Given data:
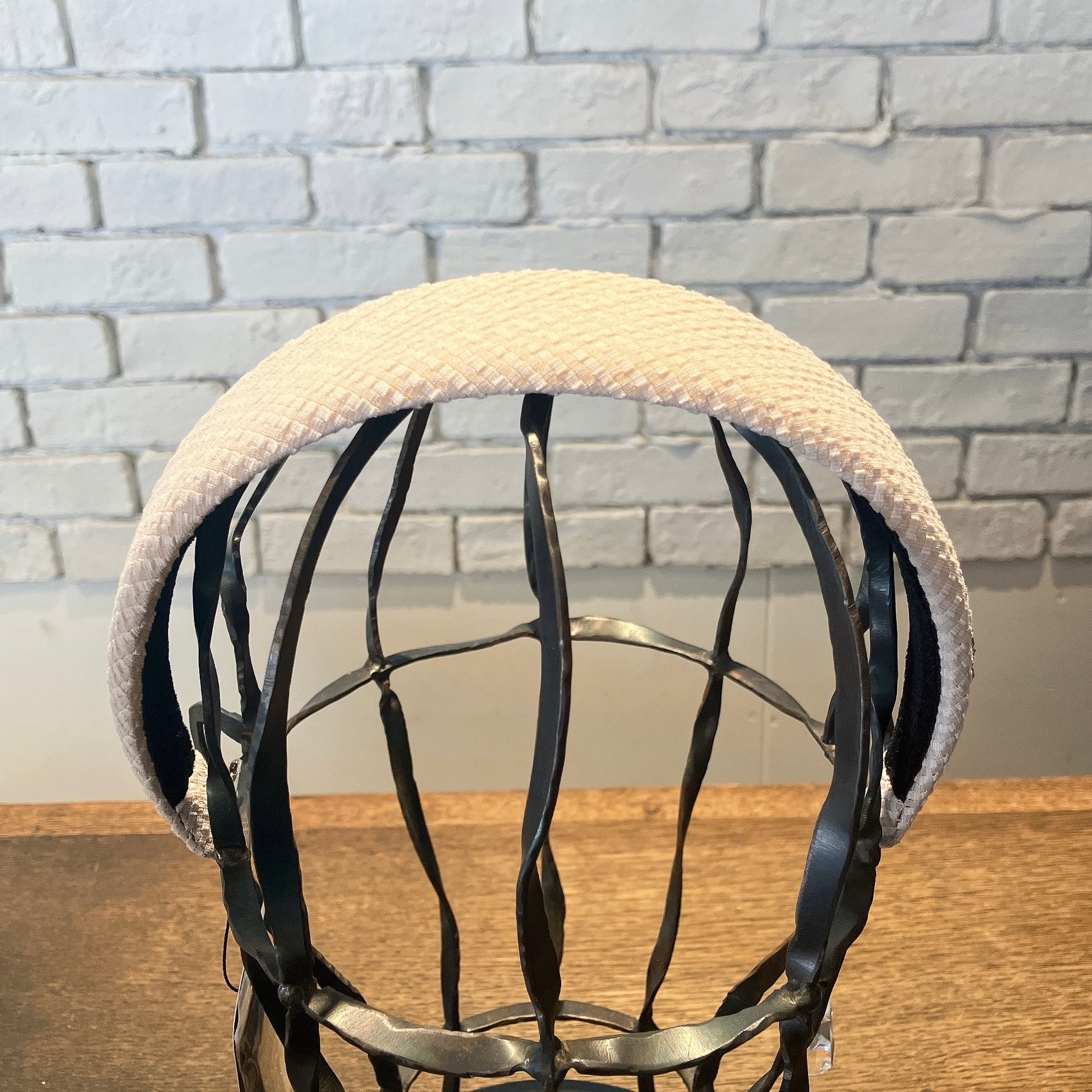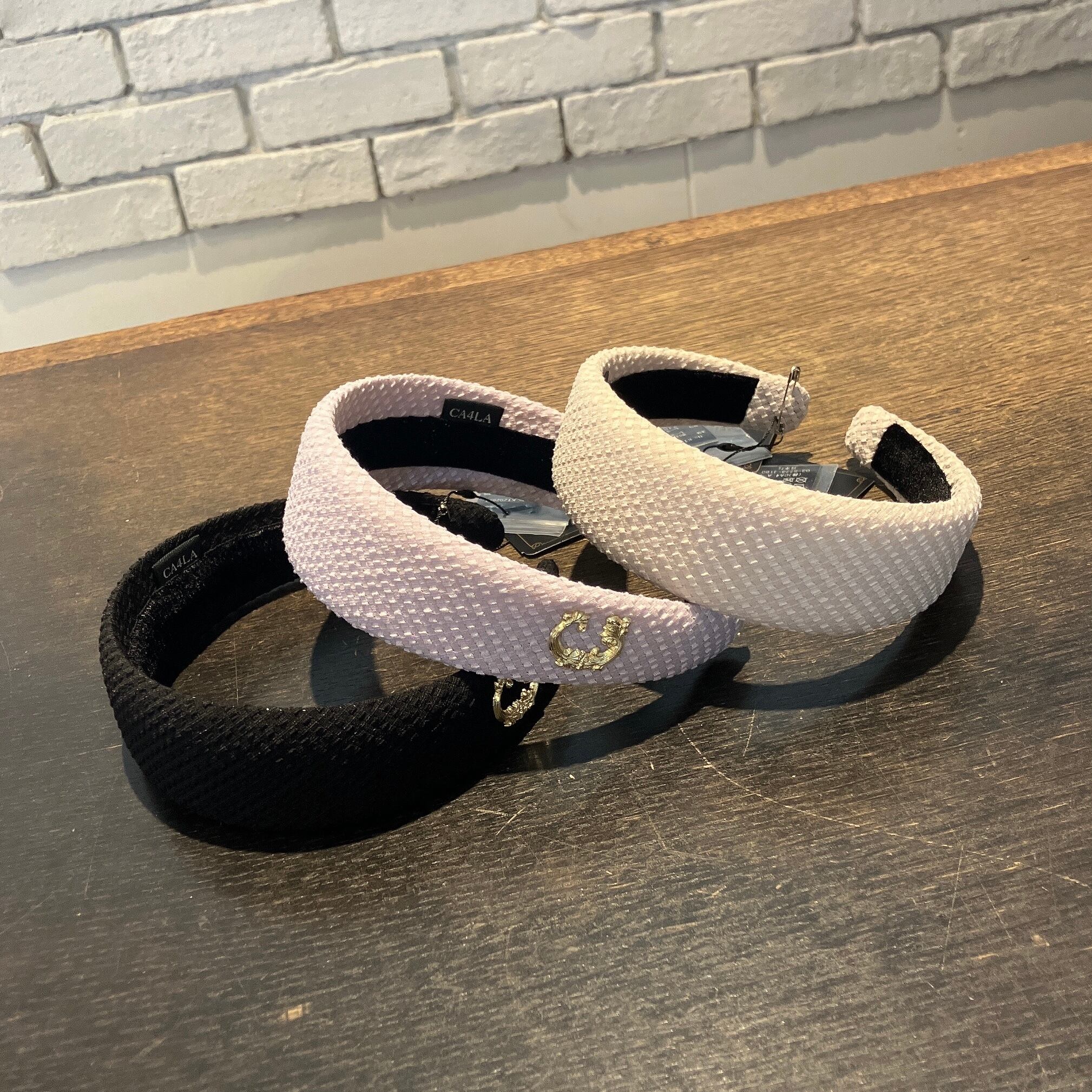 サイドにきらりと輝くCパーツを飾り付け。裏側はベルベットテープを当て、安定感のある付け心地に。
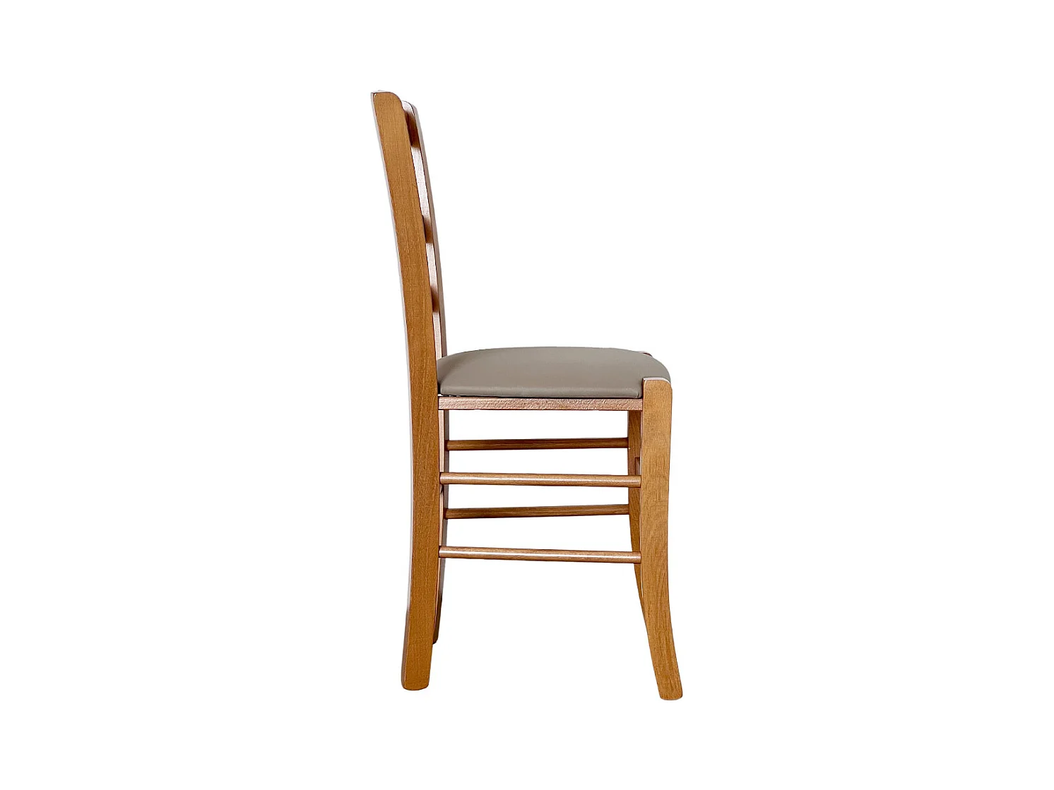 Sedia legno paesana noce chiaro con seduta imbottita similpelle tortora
---
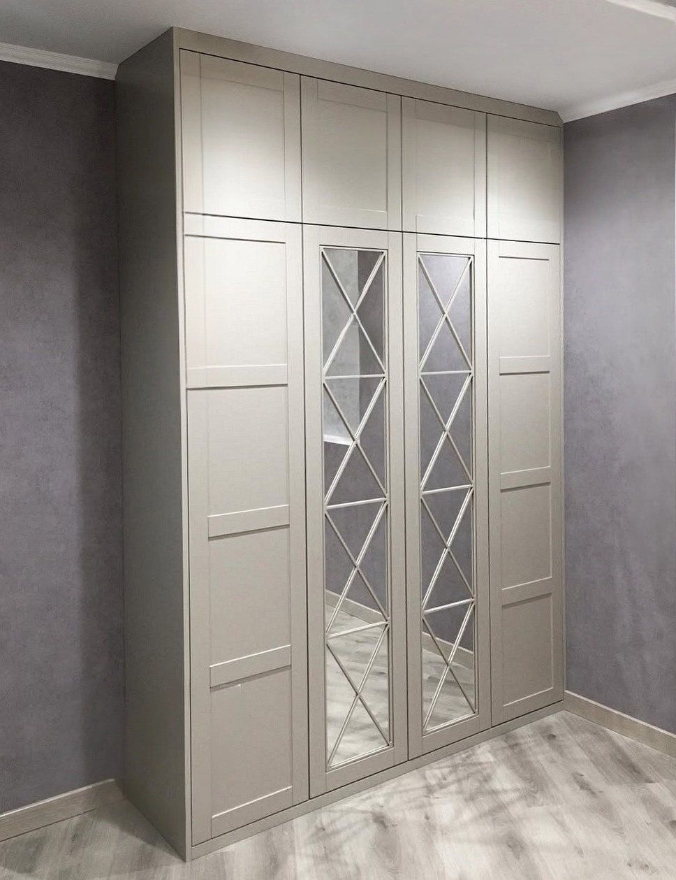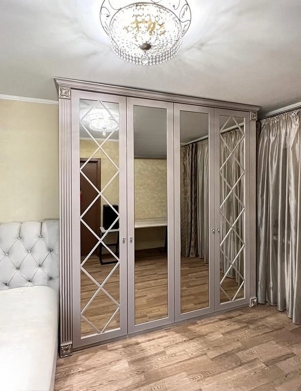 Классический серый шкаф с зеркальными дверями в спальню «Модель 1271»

What the exercise asks: With the pictures omitted, copy exactly the lines of the listing above starting at the line containing "サイドにきらりと輝くCパーツ" and ending at the line containing "Sedia legno paesana", both included.

Problem solution:
 サイドにきらりと輝くCパーツを飾り付け。裏側はベルベットテープを当て、安定感のある付け心地に。
 Sedia legno paesana noce chiaro con seduta imbottita similpelle tortora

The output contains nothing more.